Thank you, Mr. Speaker.

With no consultation, the [Conservative] government has undermined evidence-based decision-making in Canada. For a government that made accountability a key priority, this policy choice is perplexing.

In 2006, this country had more than 32 million inhabitants, but it took just one complaint from Richmond Hill and an additional 25 or 30 complaints from elsewhere in Canada for this government to destroy a crucial element of public policy development in Canada. As a result, a radical policy change was made.

What is not clear is, other than Richmond Hill, did all the other complaints come from one town, one province or across the country? Were they all from Conservative-held ridings in Ontario? I am not aware of any person in my riding of Laval—Les Îles complaining and yet the government took such a drastic decision.

The Conservative government has now said that it will spend some $30 million more than what is now being spent for a lower quality, voluntary national household survey. The data will be based on a response rate of a bout 50%. This is a far cry from the previous rate of 94% on the long form.

Witnesses who have appeared before the Standing Committee on Human Resources, Skills and Social Development and the Status of Persons with Disabilities have all sent the same message. I am talking about academics, community based researchers, social policy agencies and private companies. Their message was to leave the long form census alone and that abolishing it would hinder the accurate collection of demographic data on which Canada's public policy is based.

How does the government intend to set departmental plans and priorities with data from a voluntary household survey that will be sent to only 30% of households? Response rates could be 1%, 2% or even less since replies would be voluntary. Will this be sufficient information on which to base future policy?

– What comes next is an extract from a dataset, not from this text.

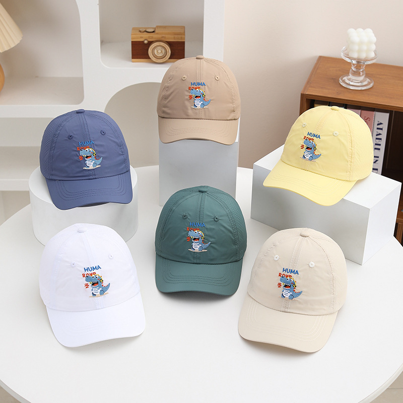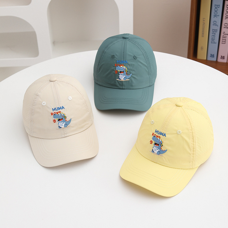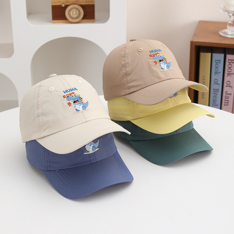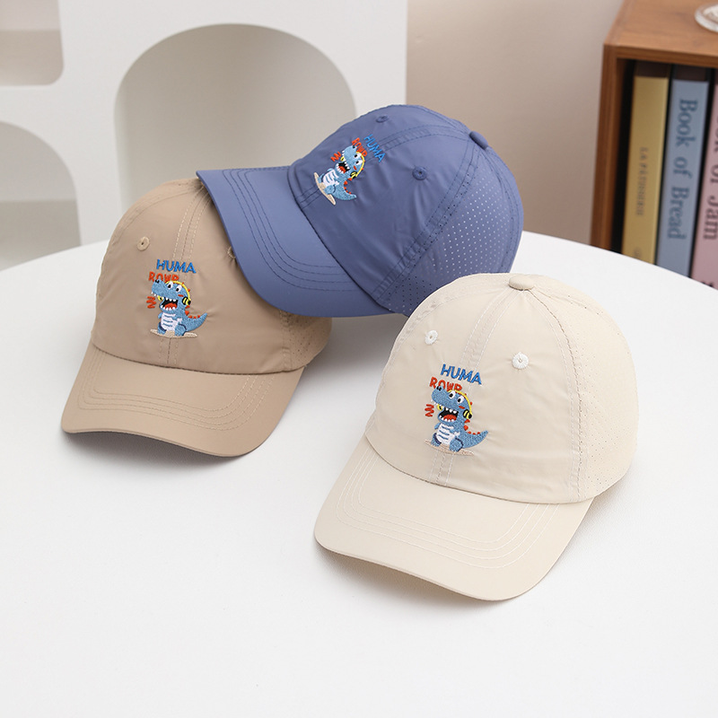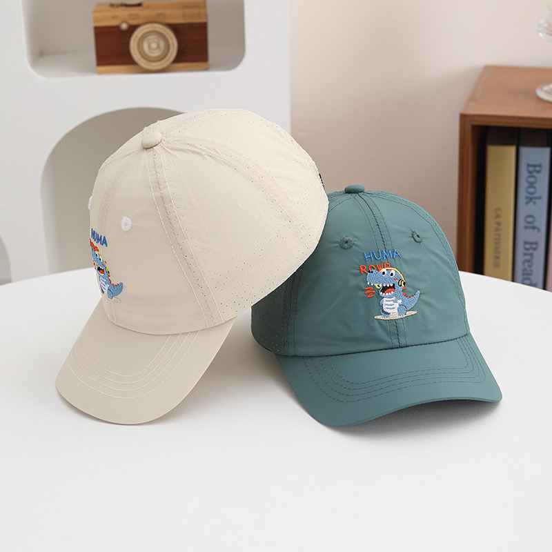 국경 간 어린이 야구 모자 자수 공룡 만화 빠른 건조 모자 3-8 세 소년 야외 하이킹 캡 차양

The Minister of Industry must explain to Canadians how his government intends to evaluate such data over time. People who work in this field have indicated that this new method will not be an acceptable research tool.

A motion passed unanimously by the Northwest Territories Legislative Assembly October 29, 2010 also called for the long form's reinstatement. Aboriginal groups and people on fixed incomes have told us that without the mandatory aspect of this process, the form will rarely be filled out.

Surely in a pluralistic and democratic society it is important to listen to the voice of those who have spoken out against the government's decision to scrap the long form.

Will the government now do the right thing and scrap the voluntary household survey and reinstate the long form census?